Loin d’un effet de mode, l’agriculture durable est au cœur d’un plan d’actions pour le territoire, conçu et construit par la Direction de l’alimentation de l’agriculture et de la forêt (DAAF). Explications.

Propos recueillis par Lise Gruget – Photo Thomas Proust

Anecdotique comparée au volume de produits importés, la production locale à Saint-Martin a bien un large potentiel devant elle. La DAAF parle ainsi de « développer une agriculture locale de qualité et respectueuse de l’environnement », par des actions de promotion, d’accompagnement, de professionnalisation et de structuration des filières. Une fois établi, comment ce Plan territorial de l’agriculture durable (PTAD) de Saint-Martin, divulgué en mars 2021, peut-il s’incarner ? Mikhaïl Pantchichkine, qui vient récemment de prendre ses fonctions en tant qu’adjoint du chef d’unité à la DAAF de Saint-Barthélemy et Saint-Martin, nous dessine les contours du projet de l’État et de la Collectivité sur la question agricole.

Le PTAD rappelle que l’économie de l’île jadis centrée sur l’agriculture et la production locale (coton, canne, tabac, indigo, marais salants…) se caractérise aujourd’hui par la prépondérance du secteur tertiaire regroupant 60 % des entreprises et 81,8 % des emplois (2015) et résolument tournée vers le tourisme. Dans ce contexte, le secteur agricole représente une part marginale de l’activité économique et de la surface du territoire. Est-il possible de chiffrer cette part ? 

Saint-Martin n’échappe pas à la règle. La réalité et la diversité de l’activité agricole sur un territoire donné sont conditionnées par un contexte économique, la disposition de moyens techniques et humains, ainsi que les caractéristiques agro-environnementales et pédoclimatiques (liée au climat interne du sol, ndlr). Or le contexte économique a bien évidemment fortement évolué depuis cette époque et les objectifs de développement, qui justifiaient jadis de tirer absolument avantage du secteur agricole, sont atteints désormais via d’autres activités sur le secteur tertiaire notamment. L’activité agricole est aujourd’hui fragilisée par la pression foncière, la limitation en eau et l’internationalisation des échanges. 

Selon l’INSEE, le secteur de l’agriculture représentait 0,3 % de l’emploi à Saint-Martin en 2016. Les terres classées en zone agricole représentent 305,95 ha de surface soit 6 % du territoire et la SAU est évaluée à 267,75 ha, constituée essentiellement de pâturages.

La part limitée de l’activité agricole n’est toutefois pas tant à rapprocher avec les chiffres de l’économie de l’île, mais davantage avec les objectifs de maintien d’une forme d’autosuffisance alimentaire. À cette fin, l’État s’engage et défend des aspects stratégiques comme le maintien de l’ouverture de l’abattoir pour la filière viande. Des investissements dans les exploitations et les outils de transformation sont favorisés par les subventions provenant du FEADER, mais également de programmes nationaux ou de la Collectivité.
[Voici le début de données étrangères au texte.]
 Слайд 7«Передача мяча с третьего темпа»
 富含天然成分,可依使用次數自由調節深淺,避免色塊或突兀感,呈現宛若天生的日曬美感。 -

Combien d’exploitations agricoles sont aujourd’hui recensées à Saint-Martin ? À combien estimez-vous le nombre d’exploitations informelles ?
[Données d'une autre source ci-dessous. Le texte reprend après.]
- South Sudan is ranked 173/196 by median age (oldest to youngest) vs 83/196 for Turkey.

Selon l’étude Agreste de 2020, on recense officiellement 36 exploitations à Saint-Martin, ce qui ne peut bien sûr témoigner de la dimension et de l’importance de l’agriculture pour le territoire de Saint-Martin et ses habitants. L’agriculture informelle est bien évidemment difficile à chiffrer et nécessiterait une étude spécifique. Il faut distinguer dans l’agriculture informelle la part qui est une activité non professionnelle destinée souvent à l’autosubsistance et celle qui correspond à une activité non déclarée et hors des exigences administratives et sanitaires. Aussi, l’État est déterminé à accompagner dans la mesure du possible ces productions sur la voie de la régularisation mais veille aussi à effectuer des contrôles pour maîtriser le risque sanitaire et garantir le respect du bien-être animal. En cohérence avec le PTAD, l’État vise à maintenir une production locale qui puisse s’inscrire dans le cadre réglementaire et bénéficier pleinement des instruments financiers et techniques d’accompagnement.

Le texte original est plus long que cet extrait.